Supplied data section start

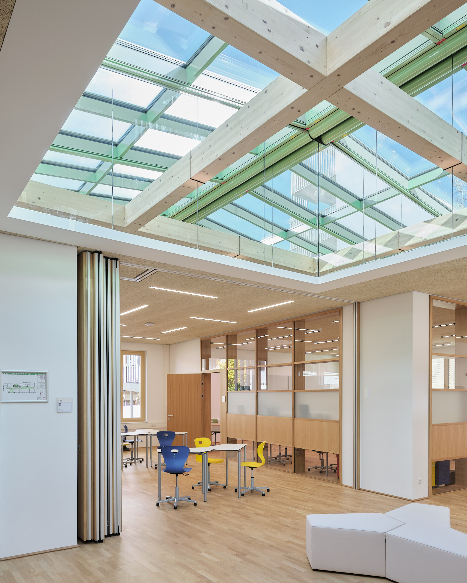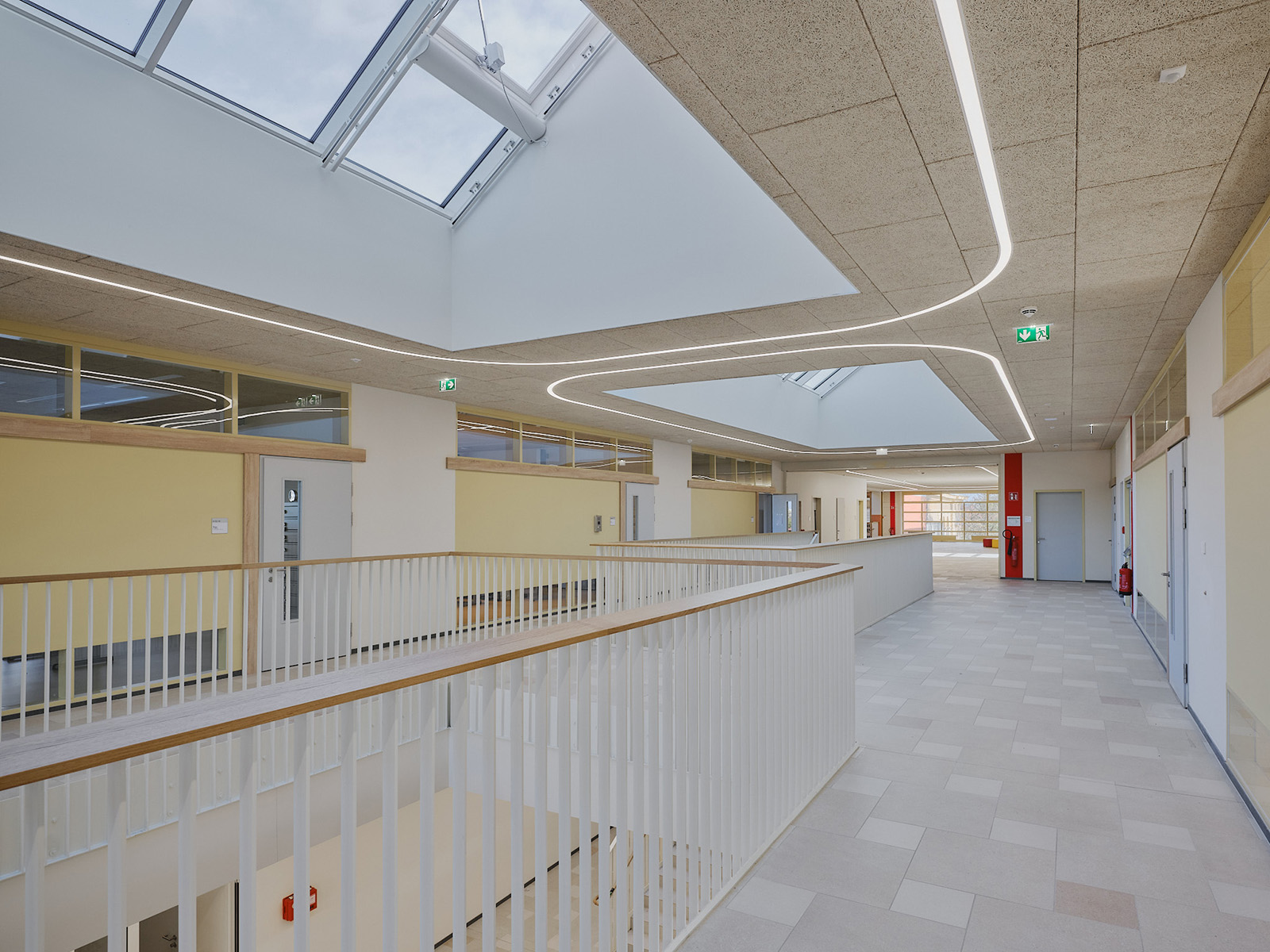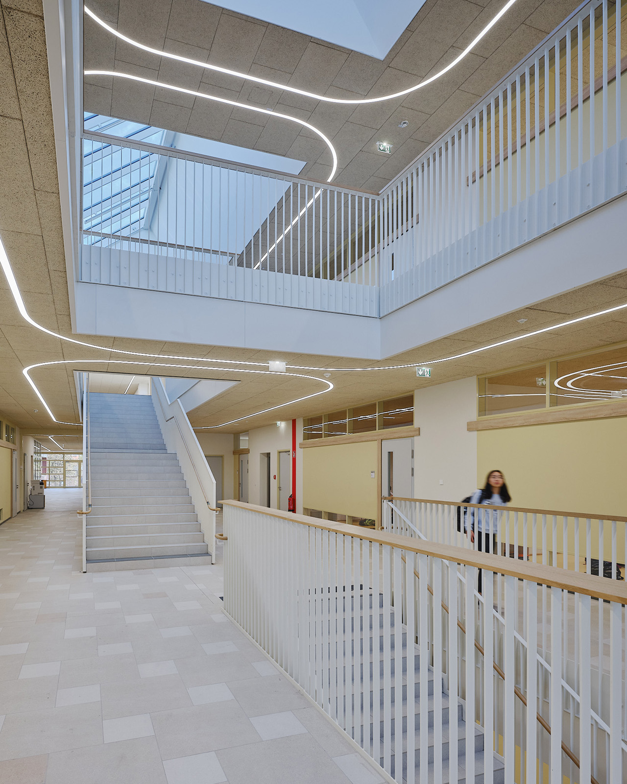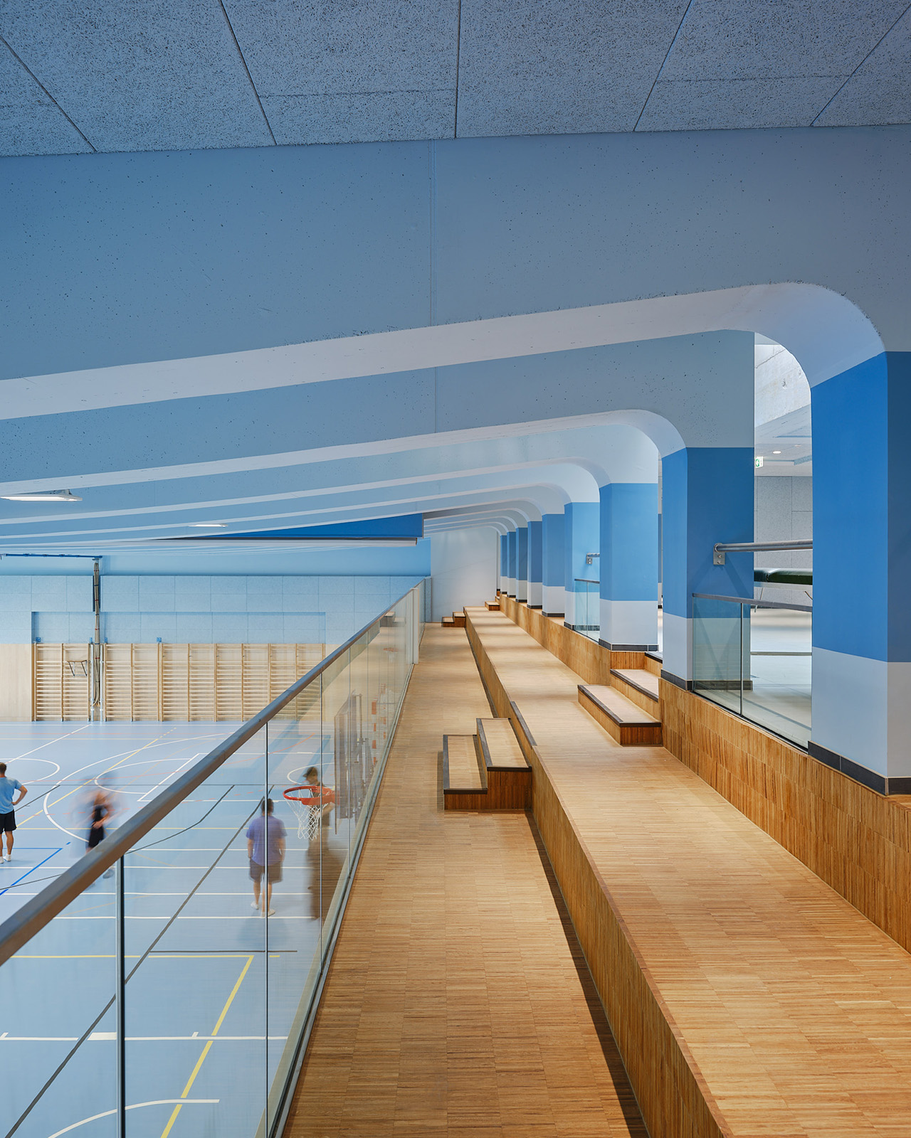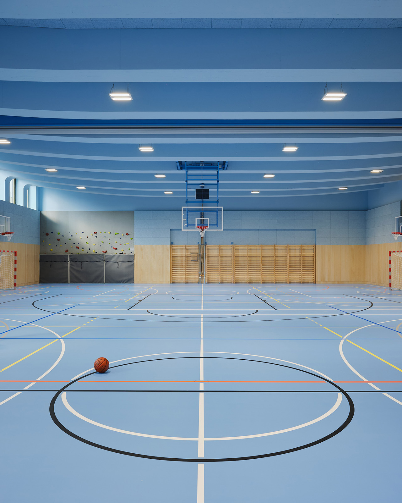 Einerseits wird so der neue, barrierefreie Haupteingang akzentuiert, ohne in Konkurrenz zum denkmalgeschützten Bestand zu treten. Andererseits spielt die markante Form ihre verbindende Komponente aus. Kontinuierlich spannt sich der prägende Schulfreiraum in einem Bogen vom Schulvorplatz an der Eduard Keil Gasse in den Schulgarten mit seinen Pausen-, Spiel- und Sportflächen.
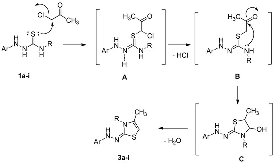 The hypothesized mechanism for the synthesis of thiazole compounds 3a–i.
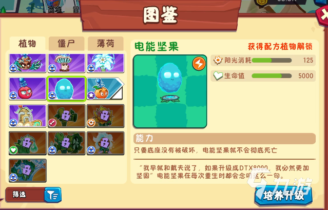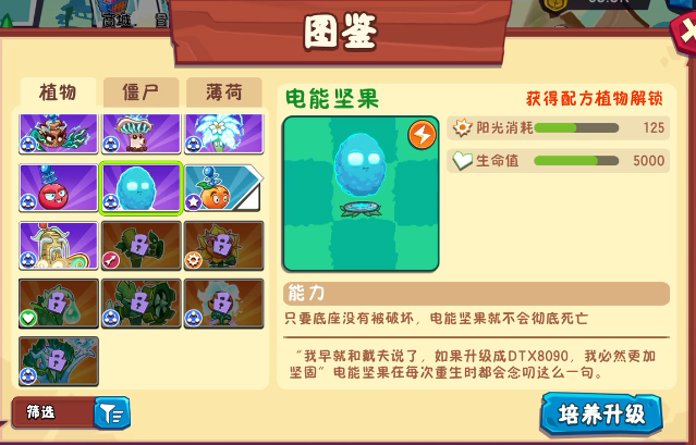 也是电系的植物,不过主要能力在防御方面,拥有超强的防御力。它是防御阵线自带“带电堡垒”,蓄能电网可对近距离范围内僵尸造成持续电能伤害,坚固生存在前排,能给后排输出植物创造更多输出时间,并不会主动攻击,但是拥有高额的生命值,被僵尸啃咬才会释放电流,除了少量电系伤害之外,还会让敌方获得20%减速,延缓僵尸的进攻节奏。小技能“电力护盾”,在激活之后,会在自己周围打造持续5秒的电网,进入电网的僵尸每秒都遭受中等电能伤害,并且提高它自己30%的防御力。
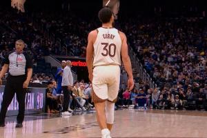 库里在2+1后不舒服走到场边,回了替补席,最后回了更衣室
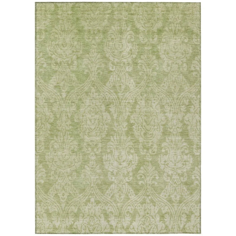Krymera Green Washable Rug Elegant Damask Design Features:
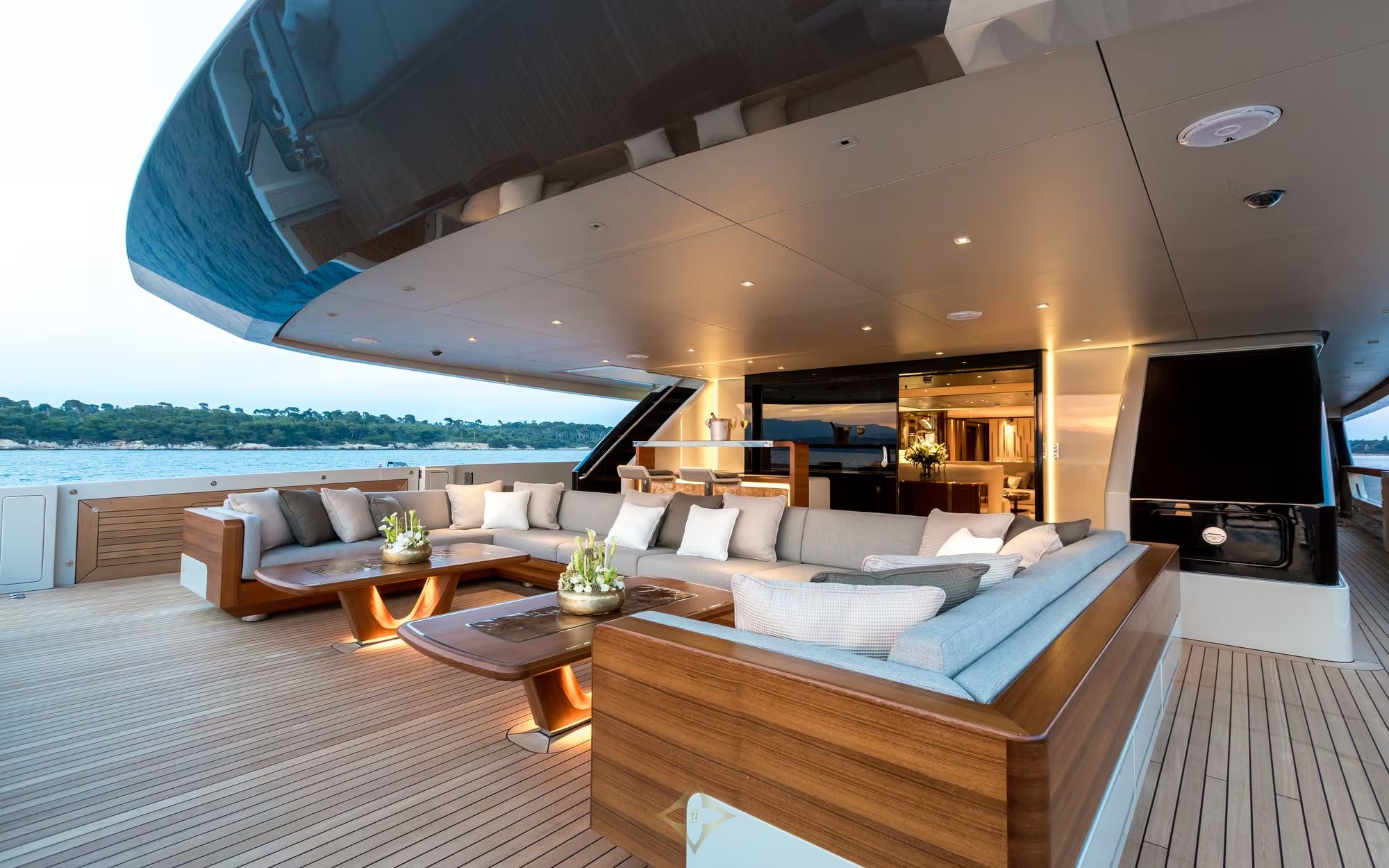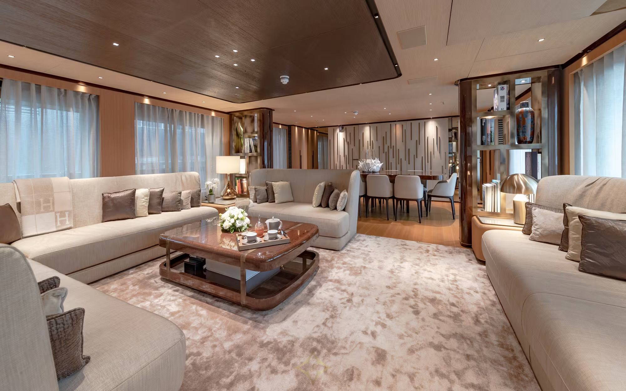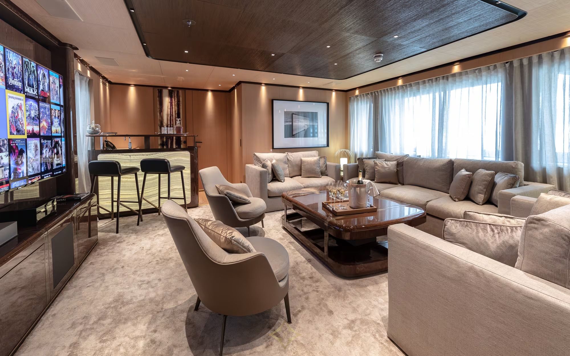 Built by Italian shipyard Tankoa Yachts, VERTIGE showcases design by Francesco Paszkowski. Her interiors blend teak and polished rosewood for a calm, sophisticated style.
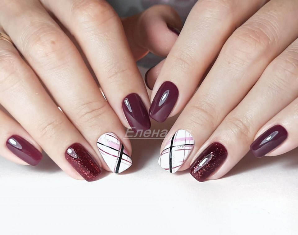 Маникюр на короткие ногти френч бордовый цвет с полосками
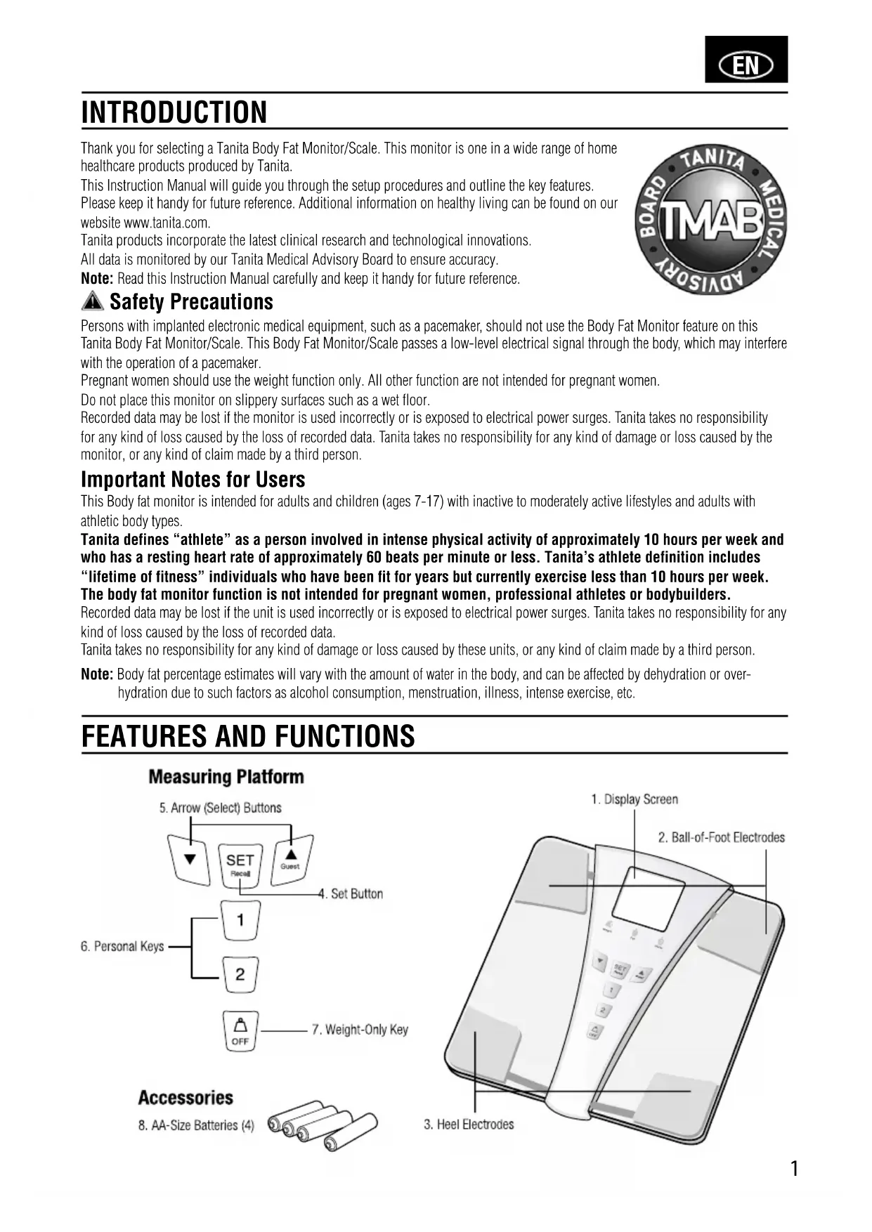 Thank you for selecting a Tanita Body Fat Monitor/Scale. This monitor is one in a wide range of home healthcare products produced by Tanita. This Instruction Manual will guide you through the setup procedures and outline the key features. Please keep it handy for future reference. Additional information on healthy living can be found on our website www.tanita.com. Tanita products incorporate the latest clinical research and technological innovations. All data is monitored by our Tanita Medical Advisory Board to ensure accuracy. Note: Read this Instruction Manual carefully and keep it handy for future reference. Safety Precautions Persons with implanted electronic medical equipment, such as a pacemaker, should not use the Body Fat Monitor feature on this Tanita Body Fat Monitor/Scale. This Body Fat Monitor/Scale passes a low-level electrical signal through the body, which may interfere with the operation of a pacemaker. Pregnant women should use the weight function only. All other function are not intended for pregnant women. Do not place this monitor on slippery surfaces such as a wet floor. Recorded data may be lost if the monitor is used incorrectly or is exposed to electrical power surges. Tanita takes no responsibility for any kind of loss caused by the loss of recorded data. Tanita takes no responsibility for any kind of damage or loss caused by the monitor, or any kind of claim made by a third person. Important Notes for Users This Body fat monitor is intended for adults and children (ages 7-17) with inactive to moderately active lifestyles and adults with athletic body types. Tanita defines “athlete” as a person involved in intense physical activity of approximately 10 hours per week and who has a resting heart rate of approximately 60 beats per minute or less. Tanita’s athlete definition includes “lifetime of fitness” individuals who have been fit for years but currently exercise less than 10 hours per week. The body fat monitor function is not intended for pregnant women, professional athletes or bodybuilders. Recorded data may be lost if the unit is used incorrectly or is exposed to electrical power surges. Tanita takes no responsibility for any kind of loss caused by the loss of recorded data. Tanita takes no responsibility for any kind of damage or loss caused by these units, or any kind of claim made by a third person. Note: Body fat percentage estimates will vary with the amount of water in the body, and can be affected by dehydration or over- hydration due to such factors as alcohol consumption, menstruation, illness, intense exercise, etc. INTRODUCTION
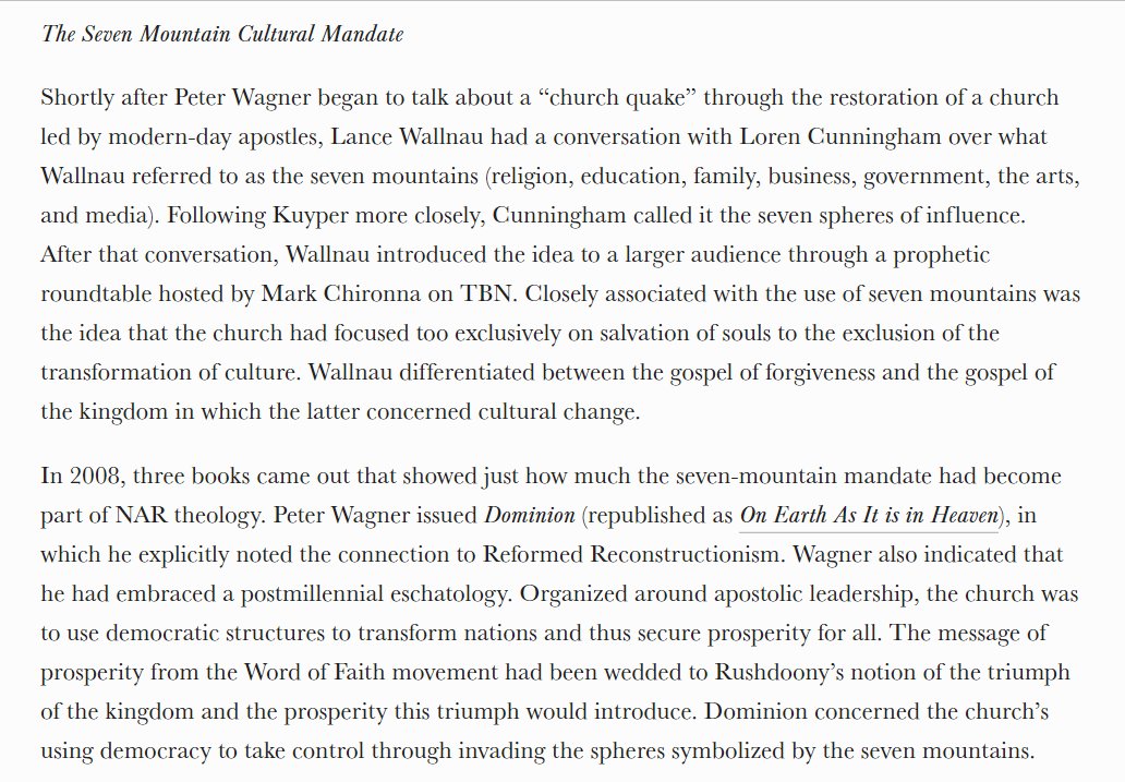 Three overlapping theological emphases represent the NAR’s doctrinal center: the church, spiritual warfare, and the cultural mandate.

Supplied data section end

> **Work to complete**: Leaving pictures out, output the lines of the data above from the one with "The hypothesized mechanism" through the one with "Маникюр на короткие", word for word.

> **Answer section**:
 The hypothesized mechanism for the synthesis of thiazole compounds 3a–i.
 也是电系的植物,不过主要能力在防御方面,拥有超强的防御力。它是防御阵线自带“带电堡垒”,蓄能电网可对近距离范围内僵尸造成持续电能伤害,坚固生存在前排,能给后排输出植物创造更多输出时间,并不会主动攻击,但是拥有高额的生命值,被僵尸啃咬才会释放电流,除了少量电系伤害之外,还会让敌方获得20%减速,延缓僵尸的进攻节奏。小技能“电力护盾”,在激活之后,会在自己周围打造持续5秒的电网,进入电网的僵尸每秒都遭受中等电能伤害,并且提高它自己30%的防御力。
 库里在2+1后不舒服走到场边,回了替补席,最后回了更衣室
Krymera Green Washable Rug Elegant Damask Design Features:
 Built by Italian shipyard Tankoa Yachts, VERTIGE showcases design by Francesco Paszkowski. Her interiors blend teak and polished rosewood for a calm, sophisticated style.
 Маникюр на короткие ногти френч бордовый цвет с полосками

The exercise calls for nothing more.